Potent. Powerful. Viable.
These are the words Nicole Kidman chose to describe fellow actresses over the age of 40 in her Screen Actors Guild award acceptance speech, an opportunity she used to point out the ways in which actresses were challenging perceptions and changing norms.
“How wonderful it is that our careers can go beyond 40 years old,” Kidman said. “Because 20 years ago, we were pretty washed up by this stage in our lives.”
Ageism in Hollywood still runs rampant – perhaps most evident in the disparity between older actors and actresses in romantic films. However, Kidman’s win is indicative of a shift in Hollywood toward an increase in opportunities for actresses of all ages, expanding their variety of roles and lifting unspoken restrictions that have confined middle aged and older actresses for decades.
Hollywood is slowly becoming a place of equity for older actresses, which can sometimes make it appear like ageism has disappeared from the industry. Actresses like Meryl Streep and Viola Davis have both made careers playing strong, unabashedly middle aged women. But as Tina Fey pointed out at the 2014 Golden Globes, Streep’s roles are the exception rather than the norm, and don’t necessarily mean that there are more roles for older actresses. Fey joked that Streep’s myriad of nominations and awards showed that there were great parts for “Meryl Streeps” over 60, but not necessarily all actresses over 60.
The vast majority of Hollywood still holds on to notions about what women over the age of 30 can embody. While older actresses aren’t necessarily considered washed up, as Kidman said, they’re still limited by outdated perceptions. For example, actress Maggie Gyllenhaal revealed in a recent interview with TheWrap how she lost a part in a film due to her age – at 37, she was told she was too old to play the love interest to a 55-year-old man.
It’s galling to think that people who work in Hollywood genuinely believe that an 18-year difference between a man and a woman is too small – a persistent idea that isn’t an isolated incident. In 2013, Vulture examined the careers of several top actors, from George Clooney to Steve Carell, and found that even though the actors themselves aged, the women playing their love interests didn’t.
Vulture also looked at the careers of A-list actresses such as Emma Stone and Scarlett Johansson and found the same phenomenon. The actresses were consistently romantically paired with much older actors – in some cases, with actors who were more than double their age.

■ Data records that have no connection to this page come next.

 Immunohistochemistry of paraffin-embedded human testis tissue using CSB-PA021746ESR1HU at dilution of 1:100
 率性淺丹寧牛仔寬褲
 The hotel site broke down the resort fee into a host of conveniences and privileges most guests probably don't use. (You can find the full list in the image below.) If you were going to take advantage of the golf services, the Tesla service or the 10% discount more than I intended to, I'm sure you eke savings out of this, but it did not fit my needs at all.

When it comes to the age disparity between actors and actresses playing love interests, it is important that Hollywood casting directors acknowledge the alarming trend and work to correct it. Not only does it limit opportunities for older actresses, but it also normalizes a culture of imbalance between men and women.
Inequity as a facet of ageism in Hollywood remains ever-present, as do the limitations on the complexity and genre diversity for roles available to older actresses. Taraji P. Henson has been a vocal critic of ageism in Hollywood and pointed out in an interview with The Hollywood Reporter, “When women get older in this business, they tend to send us out to pastures. Meanwhile, you have Liam Neeson, however old he is, still kicking ass in ‘Taken’ and Denzel Washington, who, at any given drop of a dime, will do an action film.”

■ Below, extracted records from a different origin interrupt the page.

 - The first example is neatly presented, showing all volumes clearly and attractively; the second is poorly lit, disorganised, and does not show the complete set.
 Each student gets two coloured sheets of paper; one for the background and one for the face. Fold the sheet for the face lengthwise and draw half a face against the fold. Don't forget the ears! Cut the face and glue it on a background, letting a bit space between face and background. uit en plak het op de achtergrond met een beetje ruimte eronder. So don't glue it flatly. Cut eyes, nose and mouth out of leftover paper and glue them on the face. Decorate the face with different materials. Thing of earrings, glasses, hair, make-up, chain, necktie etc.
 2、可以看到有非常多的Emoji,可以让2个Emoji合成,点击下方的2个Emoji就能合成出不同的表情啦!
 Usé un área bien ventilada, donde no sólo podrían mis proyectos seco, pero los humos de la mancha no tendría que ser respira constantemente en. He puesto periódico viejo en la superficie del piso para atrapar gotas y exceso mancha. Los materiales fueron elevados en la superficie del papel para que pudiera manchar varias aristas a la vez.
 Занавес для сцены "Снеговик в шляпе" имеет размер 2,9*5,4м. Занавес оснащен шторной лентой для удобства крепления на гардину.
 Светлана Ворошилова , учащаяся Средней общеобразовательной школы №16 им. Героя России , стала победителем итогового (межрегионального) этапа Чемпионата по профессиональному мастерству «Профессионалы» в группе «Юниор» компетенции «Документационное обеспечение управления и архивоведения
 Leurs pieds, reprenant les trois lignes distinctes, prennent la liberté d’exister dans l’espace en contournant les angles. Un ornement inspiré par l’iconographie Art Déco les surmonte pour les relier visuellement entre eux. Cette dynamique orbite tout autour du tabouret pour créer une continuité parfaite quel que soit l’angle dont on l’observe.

Henson makes a good point: Older male actors aren’t held to the same restrictions as older female actresses. Neeson just starred in “The Commuter,” an iteration of the same type of action movie he’s been making for the past decade. And yet it’s very difficult to find a comparable actress of the same age who gets the same opportunities.
Viola Davis, another outspoken actress against ageism, also continues to defy Hollywood standards for older actresses. Davis has spent the past few years playing Annalise Keating on “How to Get Away with Murder,” winning countless awards in the process. When accepting her SAG award for outstanding performance by an actress in a drama series, she praised the show’s unconventional take on a female character, saying, “Thank you … for thinking that a sexualized, messy, mysterious woman could be a 49-year-old, dark-skinned, African-American woman who looks like me.”

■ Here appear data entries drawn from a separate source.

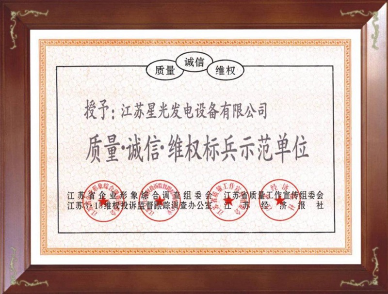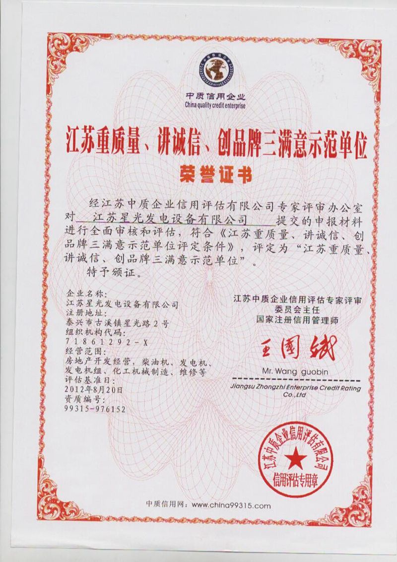 江蘇重質(zhì)量、講誠信、創(chuàng)品牌三滿意示范單位榮譽
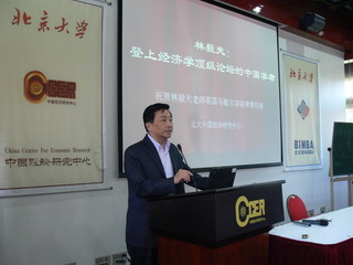 接下来,陈平教授也发表了一些看法。他谈到,林老师在马歇尔讲座上所取得的巨大成功,说明了三个问题。首先,在很长一段时间以来,西方的主流经济学理论太过于注重数学技巧的应用,而忽略了对现实世界的观察和了解,而林老师这次马歇尔讲座能获得成功,表明学术界正在开始反思,从复杂的、纯粹的数学拓展游戏像基于现象本身观察的,简单的,直观的,但却有力的理论回归。其次,林老师的理论在国际上得到的认可要比其在国内所受到的认可要高,这也说明不少国内学者的研究方向和学术标准存在问题。最后,他建议中心的学者之间应该有更多的交流和碰撞。
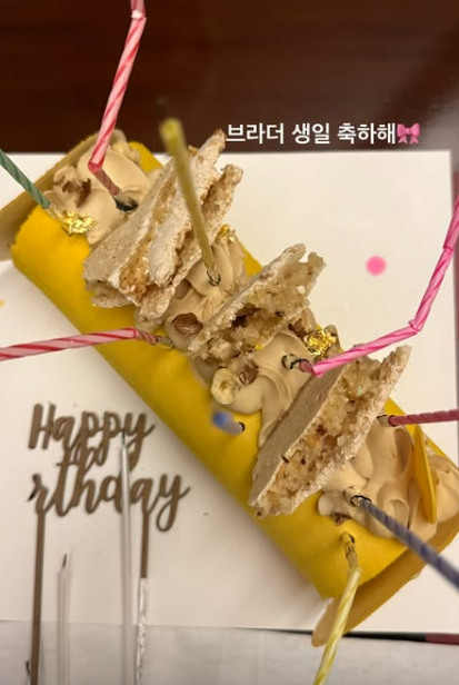 가장 먼저 시선을 사로잡은 것은 감각적인 디자인의 노란색 롤케이크다. "브라더 생일 축하해"라는 문구와 함께 꽂힌 수많은 초는 남동생을 향한 누나 고현정의 든든한 마음을 보여준다.
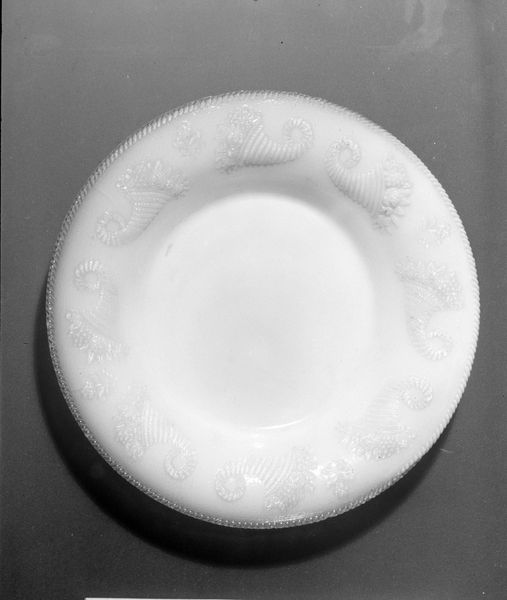 Curator: Standing before us is a porcelain plate crafted between 1729 and 1739 by the Clérissy Manufactory. You can find it on display here at the Metropolitan Museum of Art. What strikes you initially about this object? Editor: Oh, it's surprisingly delicate, almost ethereal. Despite its everyday purpose, there’s a fragile beauty about it. It whispers of elegant dinners and whispered conversations, all filtered through centuries of gentle handling. Curator: Indeed. Porcelain production, especially during this period, involved intensive labor. Sourcing the right clays, the complex firing processes, the hand-painted decoration…it was a true intersection of artistry and industry. Look closely at the rim, the repeating patterns. Editor: Those patterns... they feel both restrained and exuberant. It's a controlled wildness, if that makes sense. And that heraldic crest, so prominent! Who might have used this plate, I wonder? Were they proud, haughty, secretly yearning for a different life? It's tempting to invent their stories. Curator: Well, such plates often displayed family crests to signal status and lineage. Consider the raw materials—where did they source their porcelain clay? What were the working conditions for the artisans? These objects carry within them traces of economic systems, colonial trade routes, and hierarchical social structures. Editor: Ah, yes, the embedded stories in the clay itself. I love the idea that something seemingly simple can hold so much. For me, it's like finding a seashell and hearing the ocean's roar – this plate is a portal. Curator: Absolutely. We must remember that even the most decorative of objects also function within—and are shaped by—their economic and social context. This "Plate," far from being simply decorative, becomes a potent lens through which to examine the world of the 18th century. Editor: So well put. It really underscores how deeply interconnected art, craft, and social history truly are. Looking at it again, I'm struck anew by that simple curve, that ring around its edge. It's a small, quiet marvel.
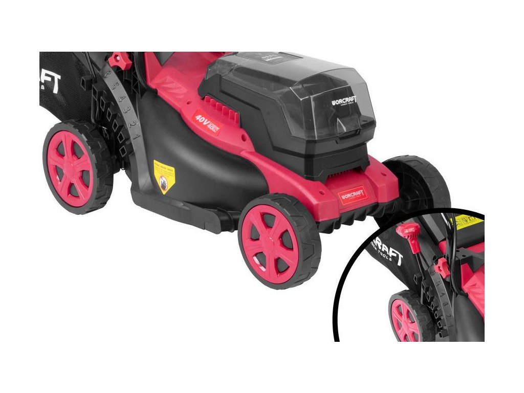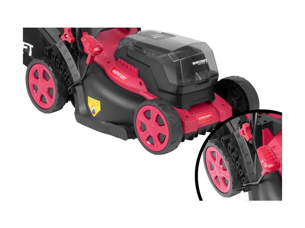 Kosačka Worcraft CLM-S40Li je akumulátorová kosačka, ktorá kombinuje výhody elektrických kosačiek. Zdrojom energie sú dva kvalitné Li-ion akumulátory. Kosačka pracuje rýchlosťou až 2600 otáčok/ min. Šírka záberu pri kosení dosahuje 34 cm a rezná výška je 25 až 75 mm/ 6 stupňov. Akumulátorová kosačka disponuje zberným košom s objemom 35 litrov. Pokosená plocha na jedno nabitie akumulátora predstavuje až 250 m2. Balenie obsahuje 2x akumulátor 4.0 Ah a nabíjačku.
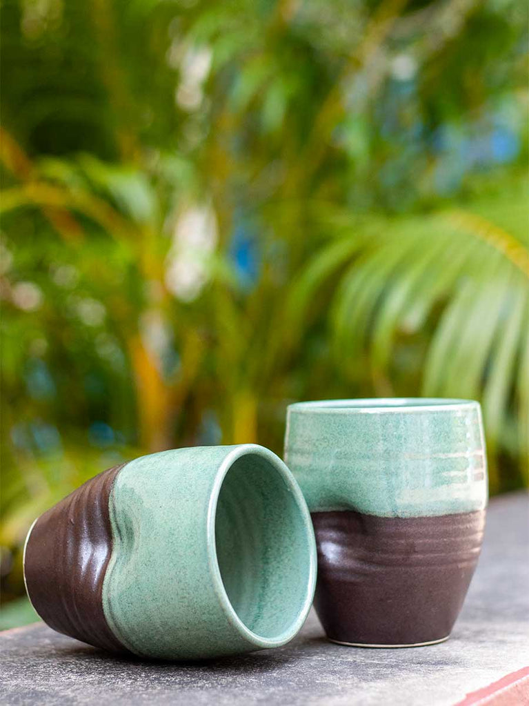 Set of 2 - Jade Imperial Dimpled Hand-Thrown Ceramic Tumbler
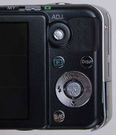 背面是一块2.7英寸23万像素的屏幕,色彩显示非常不错,尤其在回放状态下,清晰度非常高,响应速度也比较快,没有拖影现像。屏幕上方是一个三段的功能切换钮,可以在全自动拍摄模式、场景模式和“MY”的模式直接切换,和R6一样,R7也把视频拍摄功能融入到了场景模式中,这一点用起来感觉不太方便。顺便提一下,R7的视频拍摄功能是可以支持变焦的,虽然使用的是数码变焦,但是只要倍数不要过大,其显示精度还是不错的,能够在视频拍摄过程中变换焦距对于一些使用者来说是非常方便的,这一点值得提倡。
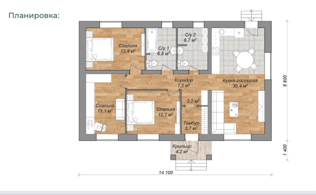 Общая площадь 105 м2
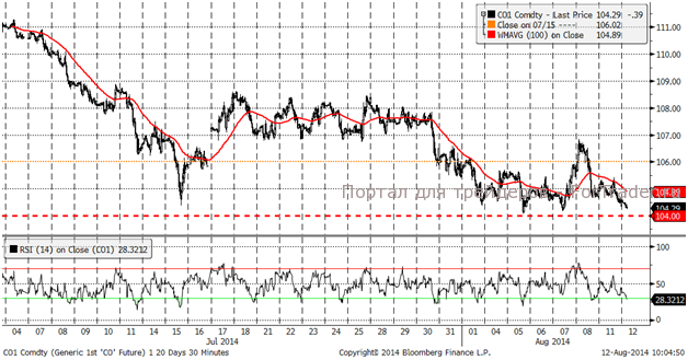 Психологический уровень поддержки цен на нефть достигнут. Высока вероятность коррекционного движения вверх к $106 за баррель. Ждём разворота в ближайшие торговые сессии.

Davis’ role as Annalise Keating exists because someone was able to create it. Someone imagined a complex, dangerous, nuanced, middle aged character and believed it could be a woman. The future for older actresses in Hollywood is clear. The solution to eliminating ageism from the industry isn’t to limit the roles older actors get, but to extend similar acting opportunities to women of the same age.
As male actors age, the film industry deems them more experienced, more distinguished and more capable. It’s time Hollywood starts thinking about older actresses in the same way.